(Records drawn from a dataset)
--------------------

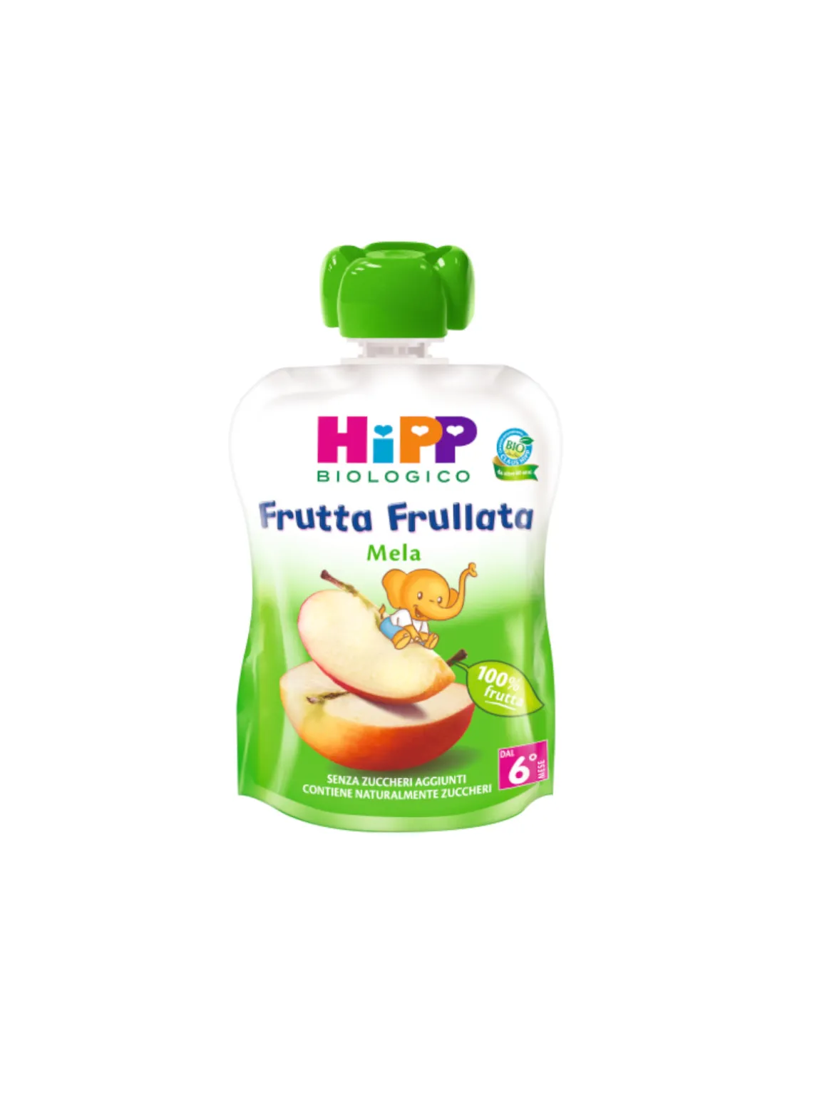Descrizione prodotto: “Frutta frullata Mela è ideale per una merenda o un fine pasto gustoso e genuino ed è perfetta anche per il consumo fuori casa. Indicata a partire dal 6° mese d’età.
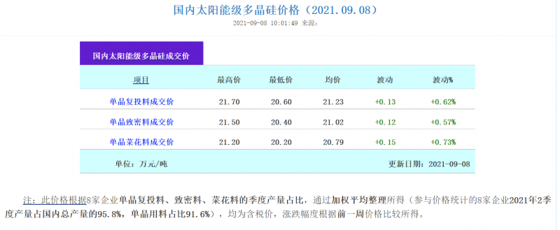 9月8日,硅業(yè)分會發(fā)布多晶硅最新價格信息。
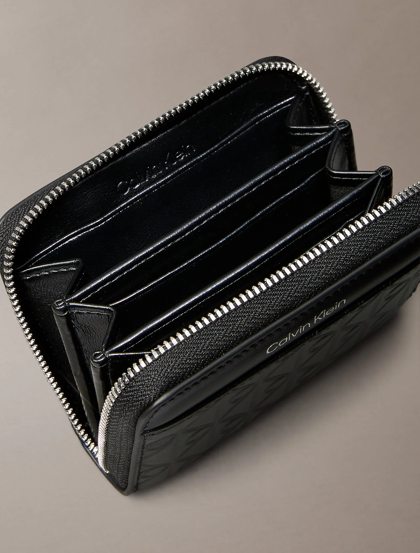 Calvin Klein Amblemli Tamamı Baskılı Kabartmalı Fermuarlı Kadın Siyah Cüzdan LV04F1081G-UB1
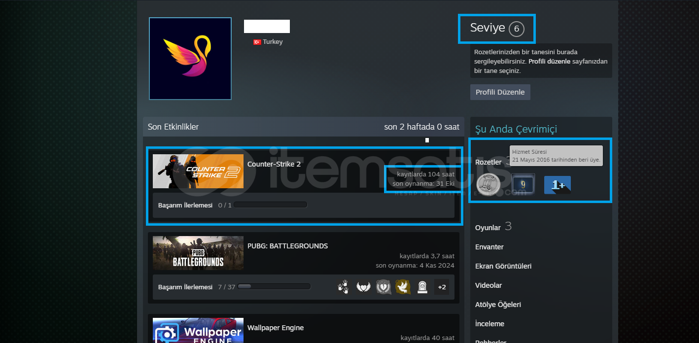STEAM PROFİL SEVİYESİ : 6 SEVİYE
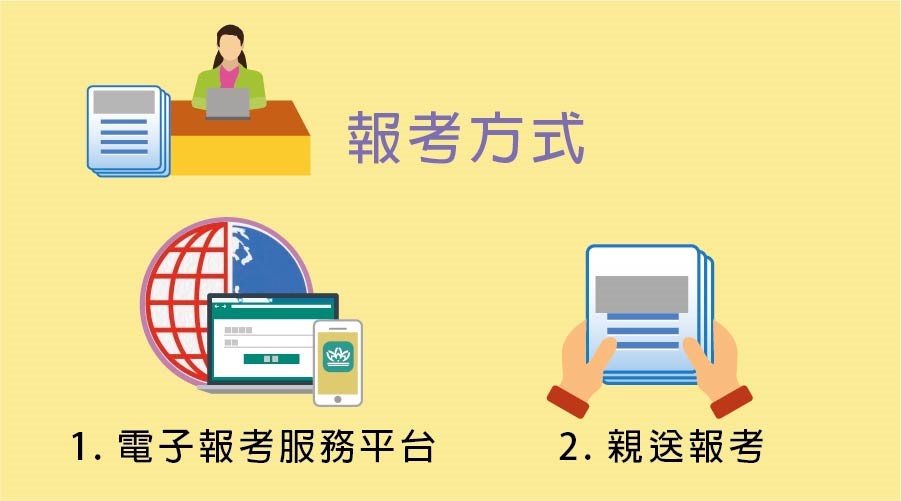 除電子報考服務平台外,可選擇親送報考方式,由投考人或他人前往水坑尾街公共行政大樓地庫一樓辦理報考手續,親送報考設有網上預約服務(http://concurso-uni.safp.gov.mo/)。辦公時間:星期一至星期四,上午9:00至下午5:45;星期五上午9:00至下午5:30,中午照常辦公。
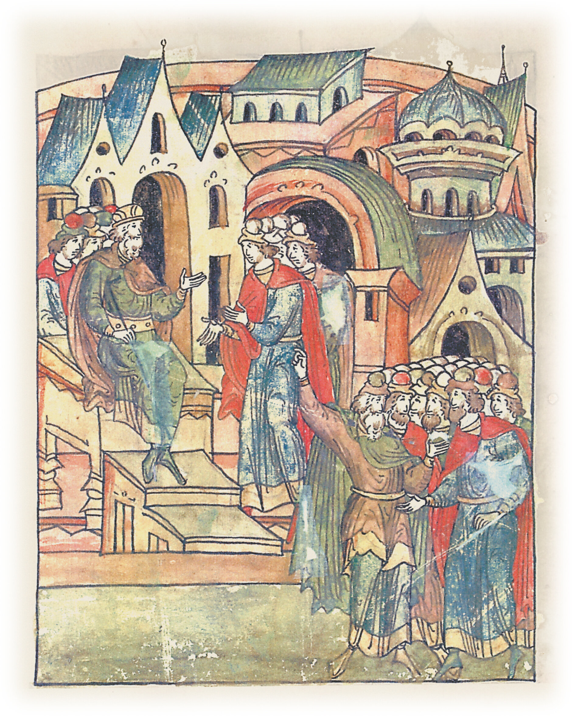 Ругодивские посадники Яким и Захар приезжают в Москву. Воеводы царя Ивана Васильевича Алексей Адашев и Иван Михайлов сообщают им, что государь пожалует их, если сдадут его воеводам помимо Ругодива Вышгород.
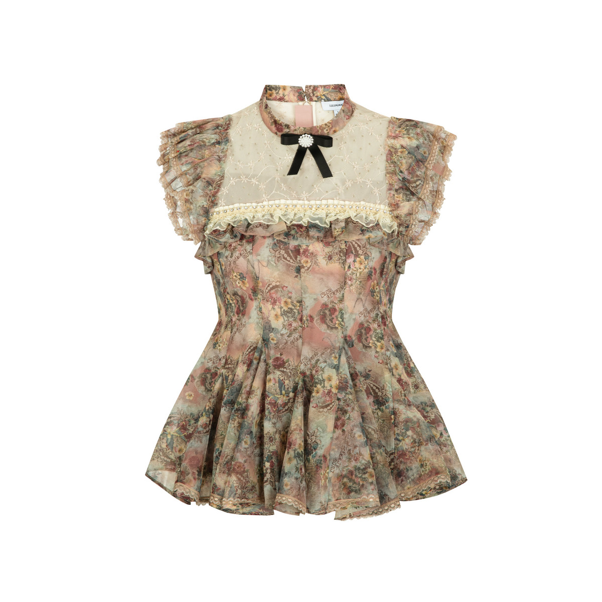 复古油画风飞飞袖 荷叶边碎花上衣 新款 LULUALWAYS我爱露露26夏季
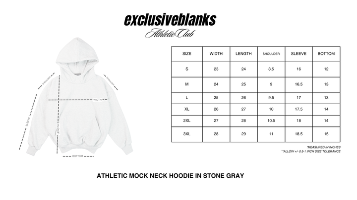 Introducing the Mock Neck Athletic Hoodie in Stone Gray — a modern staple defined by its structured silhouette and elevated details. Cut in a boxy fit with a contemporary mock neck, this hoodie delivers both comfort and edge. Finished with a premium silkscreen print, it merges minimalist design with a bold athletic presence.
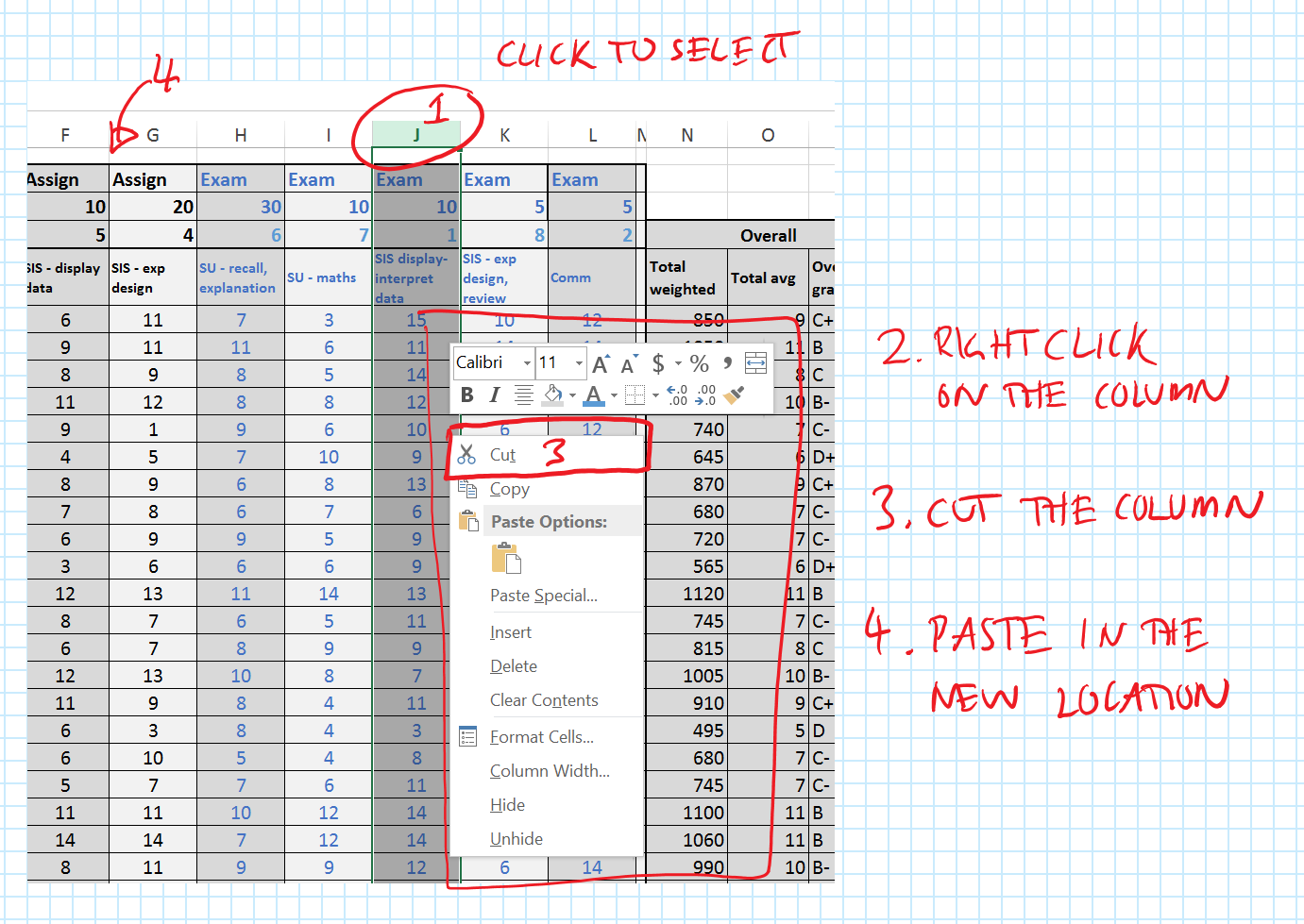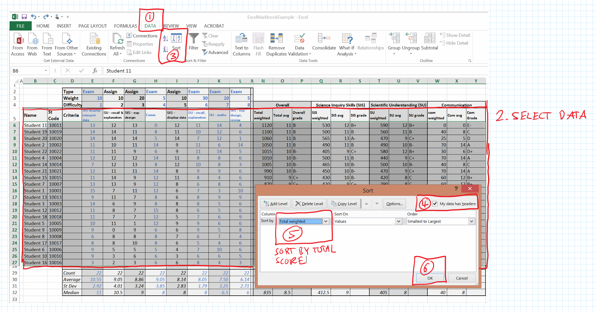 Once this is done. The students need to be ordered from highest to lowest overall mark, simply by selecting all the data and using the sort command.
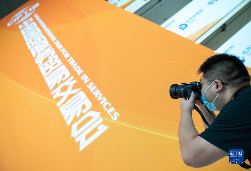 8月28日,在國家會(huì )議中心,記者在服貿會(huì )媒體探營(yíng)活動(dòng)中拍攝照片。

--------------------

- _PROBLEM STATEMENT_:
Return nothing except the lines from the one containing "复古油画风飞飞袖 荷叶边碎花上衣 新款 LULUALWAYS我爱露露26夏季" through the final line of the data, copied exactly. Leave out all pictures.

- _RESULT FOR THIS EXERCISE_:
 复古油画风飞飞袖 荷叶边碎花上衣 新款 LULUALWAYS我爱露露26夏季
 Introducing the Mock Neck Athletic Hoodie in Stone Gray — a modern staple defined by its structured silhouette and elevated details. Cut in a boxy fit with a contemporary mock neck, this hoodie delivers both comfort and edge. Finished with a premium silkscreen print, it merges minimalist design with a bold athletic presence.
 Once this is done. The students need to be ordered from highest to lowest overall mark, simply by selecting all the data and using the sort command.
 8月28日,在國家會(huì )議中心,記者在服貿會(huì )媒體探營(yíng)活動(dòng)中拍攝照片。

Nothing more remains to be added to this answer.